The third phase covers the subgrade restoration requirements necessary once the site’s final end state is determined through the regulatory processes, Marston said. That remains to be determined.

Marston sketched out the approach for the decommissioning. Crews will start by clearing areas of the property for staging of operations and loading and removal of cleanup debris. Demolition on the north side of the property will provide room for a rail spur to enable off-site shipment of concrete, rebar, and other debris. That will be followed by removal of turbine buildings to prepare a route to the intake area. Buildings between the reactor containment domes will eventually be demolished, along with other structures, and then the containment buildings themselves. That leaves surface leveling to prepare the site for unrestricted use.

Marston noted that because the plant is on land owned by the U.S. Navy, SONGS Decommissioning Solutions will also have to meet federal regulatory requirements under the National Environmental Policy Act. That will include securing lease extensions for the property, which now fully expire in 2024.

The status of the spent fuel left at the site is beyond the scope of SONGS Decommissioning Solutions contract.
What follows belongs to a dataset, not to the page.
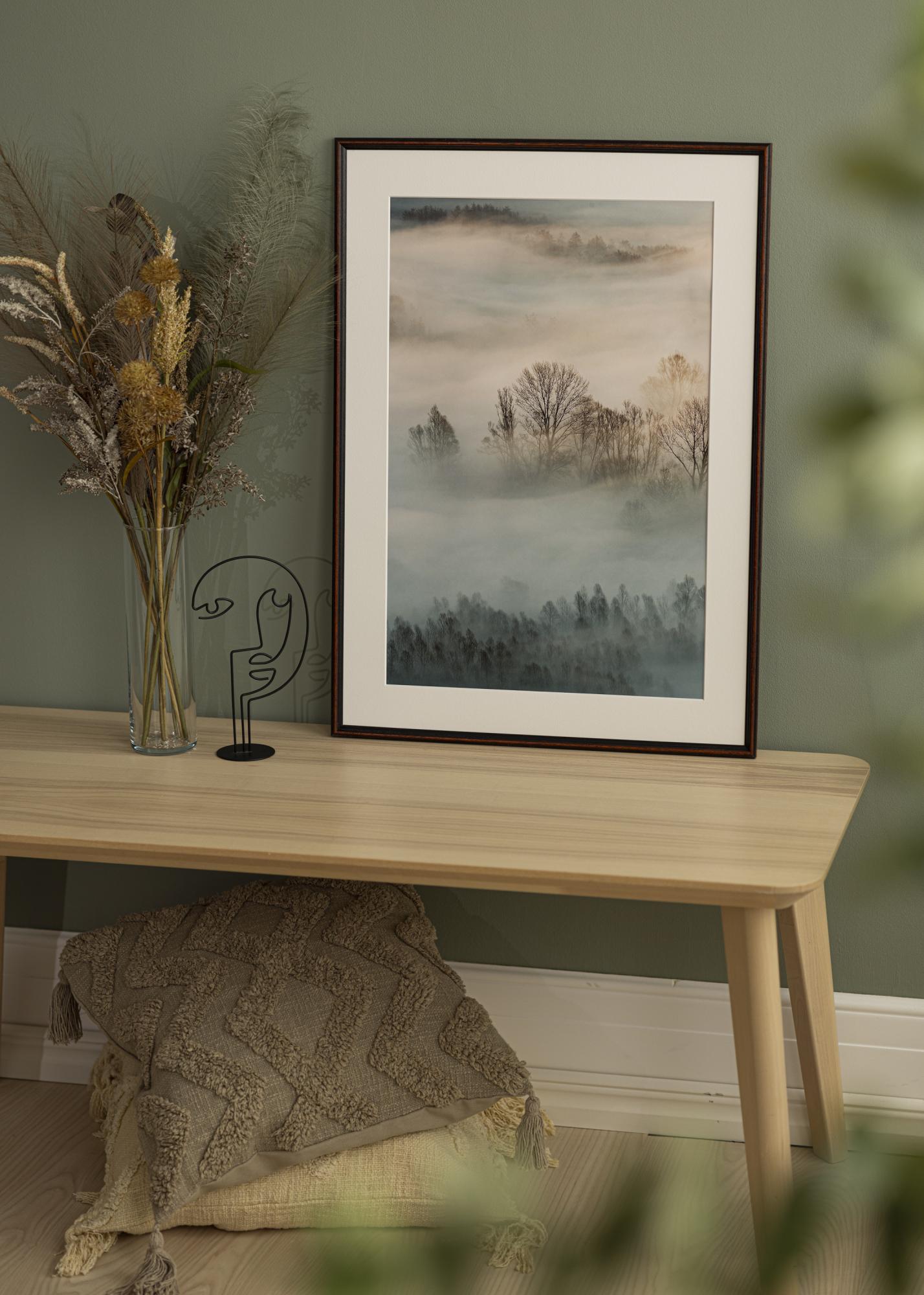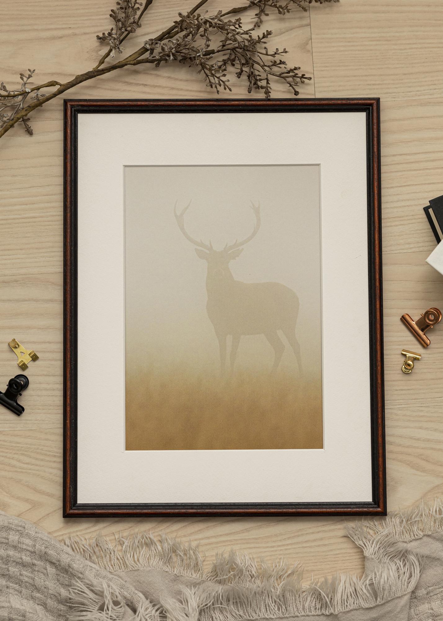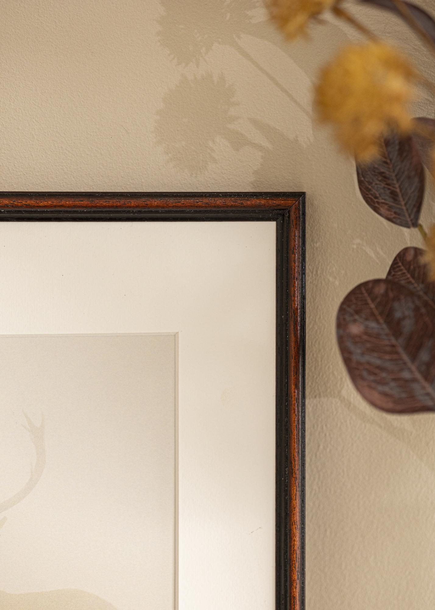 Wykonana w Szwecji z drewna ayous, ta ramka łączy trwałość ze stylem. Posiada matowe wykończenie, które uzupełnia ciepły wzór orzecha włoskiego i nadaje wyrafinowany wygląd. Szerokość listwy ramki wynosi 15 mm, a głębokość 14 mm, co daje dyskretne, ale wyraźne wrażenie dla Twojego oprawionego obrazu.

Holtec International has been contracted for transfer and storage of the radioactive material from Units 2 and 3 on an expanded ISFSI that already holds the Unit 1 fuel assemblies.

As of the latest update from Southern California Edison, on June 1, Holtec had relocated 444 fuel assemblies from wet storage to dry storage. Another 74 assemblies were in transit and 2,150 assemblies remained in the cooling pool. The transfer is expected to be completed in 2019.

To settle a state lawsuit brought by a local citizens’ group, the utility agreed last year to seek “commercially reasonable” means for moving the used fuel off-site. Failing that, it will likely have to wait for the Department of Energy to take the waste, as required by Congress in 1982. The department is already more than two decades behind its Jan. 31, 1998, deadline to begin disposal of spent fuel from U.S. nuclear reactors.